19  Ejemplo guiado 2: ¿Tiene la ZAP70 de oveja una tirosina quinasa activa?

19.1 Escenario

Melissa está trabajando en un programa de descubrimiento de medicamentos para crear nuevos inhibidores de ZAP70 para su uso en enfermedades autoinmunes. Gegorio, un químico médico en su grupo, ha sintetizado una serie de inhibidores de proteína tirosina quinasa. Ella necesita diseñar un ensayo celular para ver cuál de los inhibidores de Greg inhibe a la tirosina quinasa ZAP70. Ella tiene acceso a células T primarias de los siguientes animales:

  • Ratón
  • Rata
  • Oveja

Para decidir cuál de sus modelos tiene una proteína ZAP70 más cercanamente relacionada a la humana, ella ha decidido hacer un rápido alineamiento múltiple de secuencias. Usando EBI search, ella localizó las secuencias canónicas (isoforma 1) para las proteínas ZAP70 humana, de ratón, de rata y de oveja. Para cada una, ella descargó la secuencia de proteína en formato FASTA. Luego, ella realizó un alineamiento múltiple de secuencias de estas proteínas usando la herramienta Clustal Omega. Puedes repetir su experimento si quieres.

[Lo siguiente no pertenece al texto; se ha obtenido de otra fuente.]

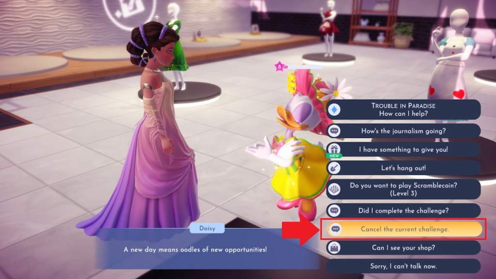 - デイジーと話してください。ブティックで彼女を見つけて、彼女と交流して、利用可能なすべてのダイアログオプションを引き出します。

Con base en este alineamiento, Melissa decidió usar células T de oveja para su ensayo pero ella quiere revisar que la ZAP70 de oveja tenga un dominio tirosina quinasa antes de gastar tiempo llevando a cabo un ensayo. Para esto vamos a usar una herramienta llamada InterProScan. Esta herramienta compara tu secuencia elegida con todas las secuencias en InterPro, un recurso que provee análisis funcional de secuencias de proteínas clasificándolas en familias y prediciendo la presencia de dominios y sitios importantes. Si te gustaría aprender más sobre InterPro antes de continuar, puedes leer el Tour Rápido de InterPro o seguir el tutorial de InterPro. Si andas corto de tiempo puedes simplemente leer la sección sobre búsqueda de secuencias en el tutorial de InterPro.